By far my biggest hesitation of switching to any new app is losing all of that data.  That said, the stage was set for Tour Caddy to be my new go-to app.

The home screen is pretty simple with icons for “Play Golf” or “Academy” where you can get access to high quality short videos that help you with everything from how to tee up your ball to hitting the perfect fade. But we’ll get into that later.

The first thing I wanted to do was play a round. It had imported all of my data from my Golfshot account, and I could see my previous rounds in a big scroll bar.

After selecting Play Golf, I found my test course, Red Tail Golf Club in Portland, Oregon, selected my tees, and started my round.

Now there’s no denying that TourCaddie looks good. It’s a much sexier user interface than Golfshot is, and that’s a big part of it’s problem.  It places a premium on aesthetics rather than functionality.

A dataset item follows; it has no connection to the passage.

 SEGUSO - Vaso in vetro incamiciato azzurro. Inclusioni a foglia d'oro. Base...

It’s got a pretty nice interface that let’s you see the aerial view of the entire hole – you can get even more detailed aerials by selecting the preview button at the bottom.

The Caddy

The distances are over to the left, and up on top is the biggest flaw in the whole app – the caddy.

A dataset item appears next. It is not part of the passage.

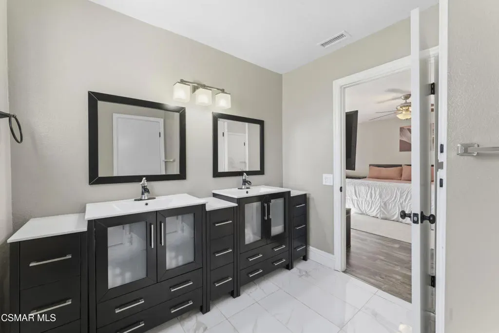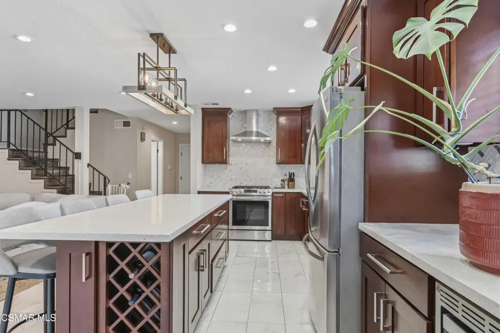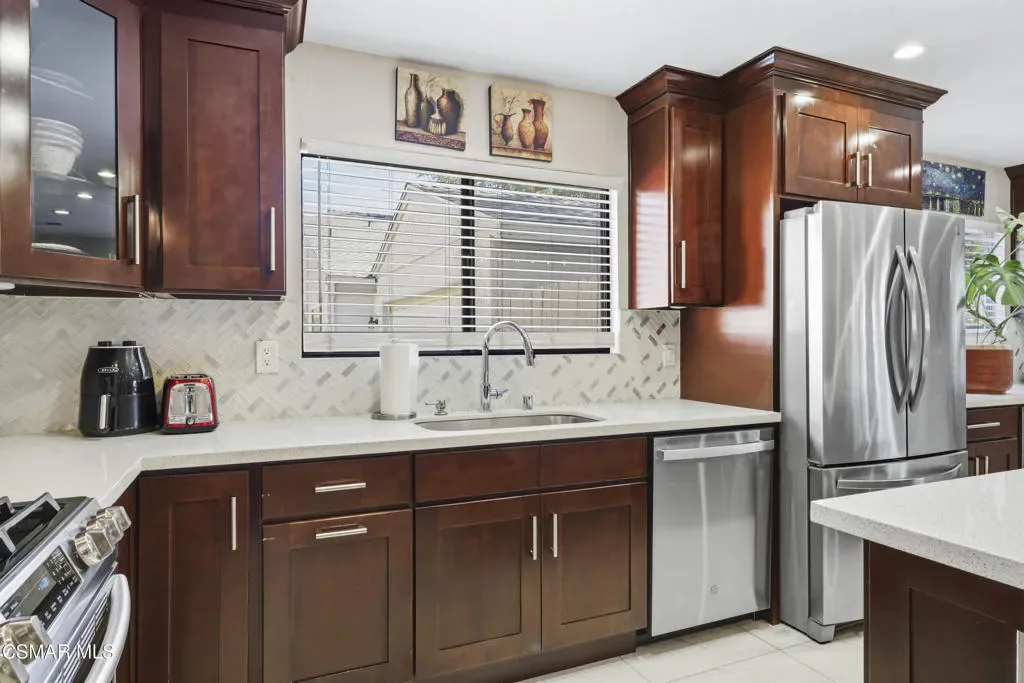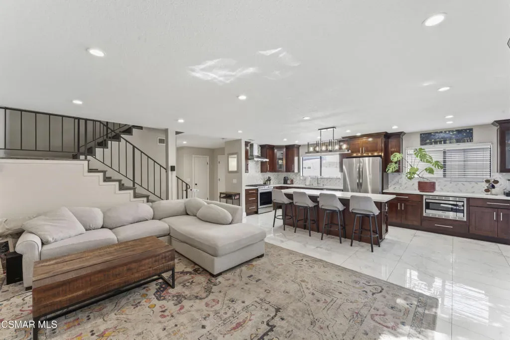 Welcome to the most upgraded home in the desirable Oaktree Community! This beautifully updated 3-bedroom, 2.5-bath residence offers 1,656 sq ft of thoughtfully designed living space with modern upgrades throughout. Enter through the impressive double-door entry into a bright open-concept floor plan featuring a fully remodeled living room and kitchen (2019). The chef’s kitchen is the heart of the home with a massive quartz island, stainless steel appliances, and plenty of space for cooking and entertaining.New tile flooring flows throughout the main living areas, enhancing the home’s clean and contemporary feel. Upstairs, the spacious primary suite features a large walk-in closet and an upgraded bathroom with dual his-and-hers vanities. Enjoy indoor-outdoor living with a private patio and an upstairs balcony.Additional features include an attached 2-car garage with direct access, generous storage, and stylish upgrades throughout. Residents of the Oaktree community enjoy resort-style amenities including a pool and tennis courts, all with a low HOA.Ideally located in the heart of Simi Valley close to shopping, dining, parks, and schools–this is truly one of the most upgraded homes in the community.

TourCaddie tries to make club recommendations based on the distances you’ve tracked in the past. The biggest number on the app is your expected distance with the club they’ve selected for you in the upper left (see the 244 in the photo below).

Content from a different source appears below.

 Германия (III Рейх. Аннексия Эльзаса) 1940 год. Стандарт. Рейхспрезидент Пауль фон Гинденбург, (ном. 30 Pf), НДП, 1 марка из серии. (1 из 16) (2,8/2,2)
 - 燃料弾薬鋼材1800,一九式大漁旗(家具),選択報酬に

In that example, you can see that they expect me to hit my driver 244 yards based on averages, and I hit the fairway 89% of the time.

This system is so frought with problems that I think it’s worth jumping in a little more:

  • It makes recommendations based on past swings that you’ve tracked. Most of us don’t track every ball we hit – we track the good ones! So the #’s are skewed.  I had one 7iron that I tracked at 174 yards awhile back. That does not mean it’s a suitable club for a 182 yard hole, as it was recommending.
  • Doesn’t factor in the course.  Just because there’s a 355 yard hole, that doesn’t mean I’ll play my driver. Especially if there’s a sharp dogleg or other hazards.
  • Tracking is difficult. It makes suggestions based on the club it thinks you should use, and changing their recommendations to what you’re actually using is a huge pain – especially when in the middle of a round.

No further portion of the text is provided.